Lacosamide's antiepileptic mechanism involves 'slow inactivation' of sodium channels rather than the 'fast inactivation' promoted by carbamazepine. Which molecular feature of lacosamide facilitates this slow-inactivation selectivity?
- A Binding to the collapsin response mediator protein-2 (CRMP-2), modulating slow inactivation ✓
- B Binding to the local anaesthetic binding site within the channel pore during rapid firing
- C Allosteric modulation of beta-subunit of the sodium channel complex
- D Phosphorylation of Ser1966 on the Nav1.1 alpha-subunit to enhance slow inactivation
Explanation
Lacosamide has a dual mechanism: it enhances the slow inactivation state of voltage-gated sodium channels (reducing sustained repetitive firing without blocking fast transient channel activity), and it binds to CRMP-2 (collapsin response mediator protein-2), a protein involved in neuronal signal transduction.
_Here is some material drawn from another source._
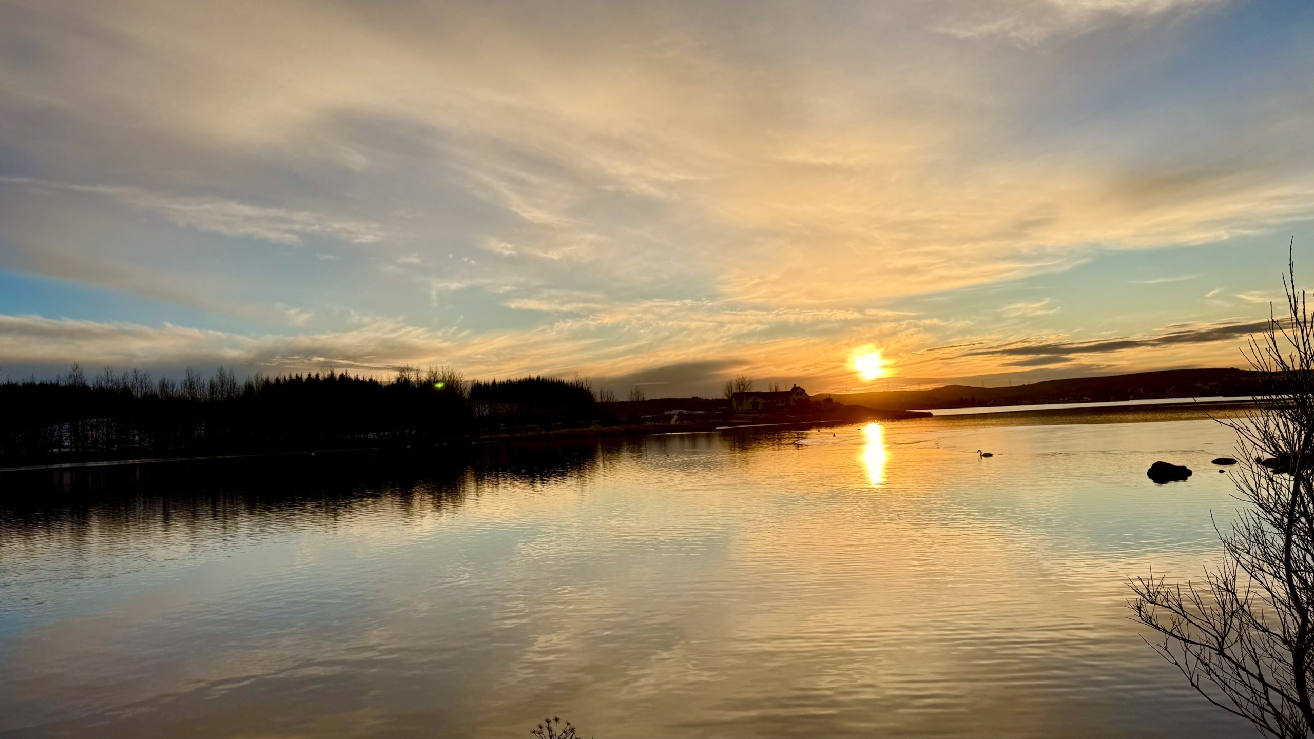 Fallegt við Elliðavatn, einn og einn fiskur að vaka
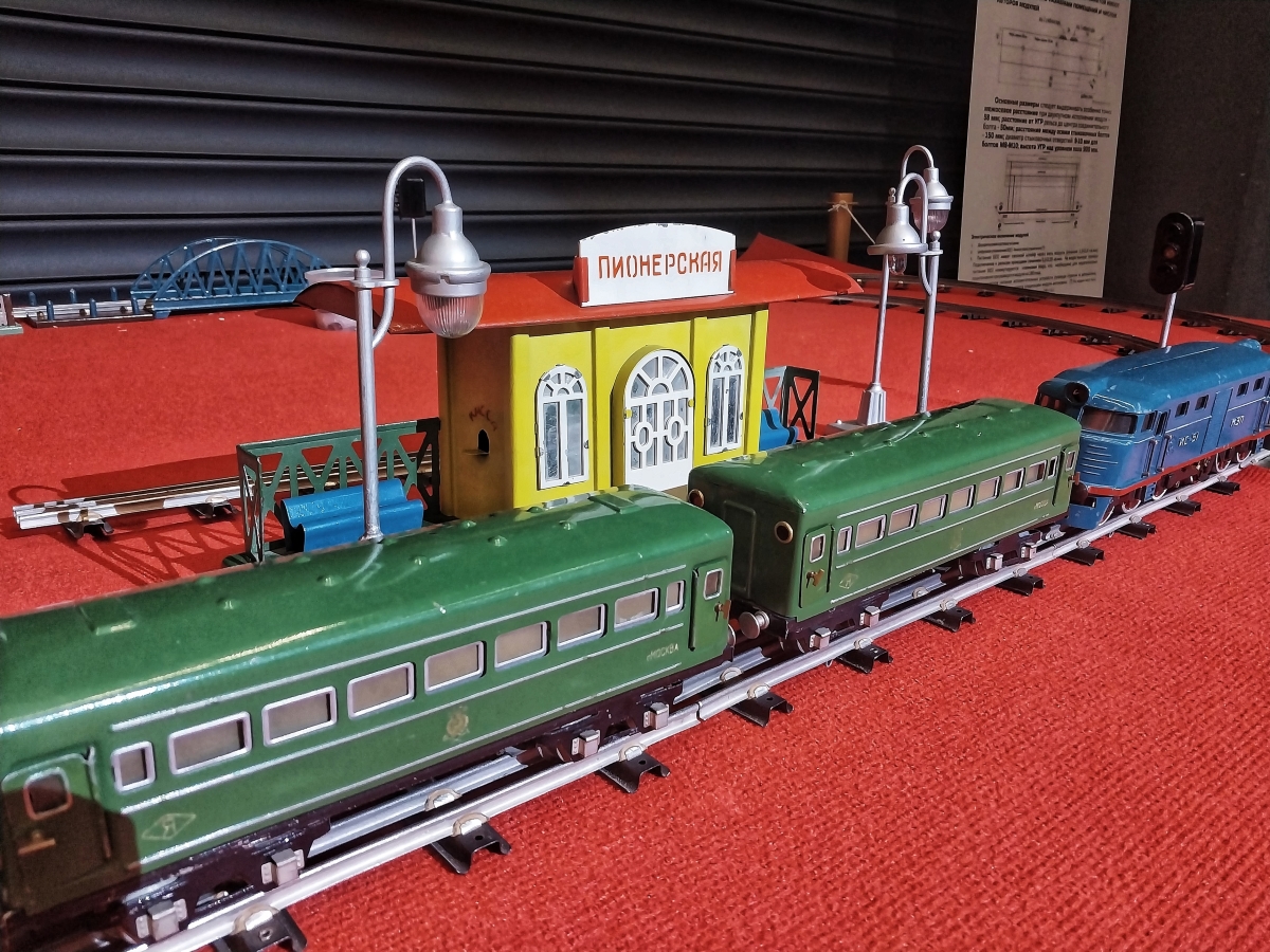 Еще один интересный экспонат — знаменитая «Пионерская железная дорога». В 1951 году завод «Москабель» освоил серийное производство набора «Электрическая железная дорога» в масштабе 1:45. Такой набор до 1970-го поставлялся во Дворцы пионеров, в школы и кружки на детских железных дорогах, поэтому и стал «пионерским». На модели вокзала тоже написано «Пионерская». А сейчас, кстати, в Подмосковье есть своя настоящая одноименная станция — конечная Московской детской железной дороги, которая проходит по границе между Жуковским и Кратово.

The interaction with CRMP-2 is unique to lacosamide among AEDs and is thought to contribute to its slow-inactivation selectivity. Traditional sodium-channel AEDs like carbamazepine/phenytoin stabilise fast inactivation by binding to the open-channel pore (local anaesthetic binding site). Beta-subunit modulation and direct phosphorylation are not lacosamide's mechanism.
Reference: KD Tripathi, Essentials of Medical Pharmacology, 8th ed.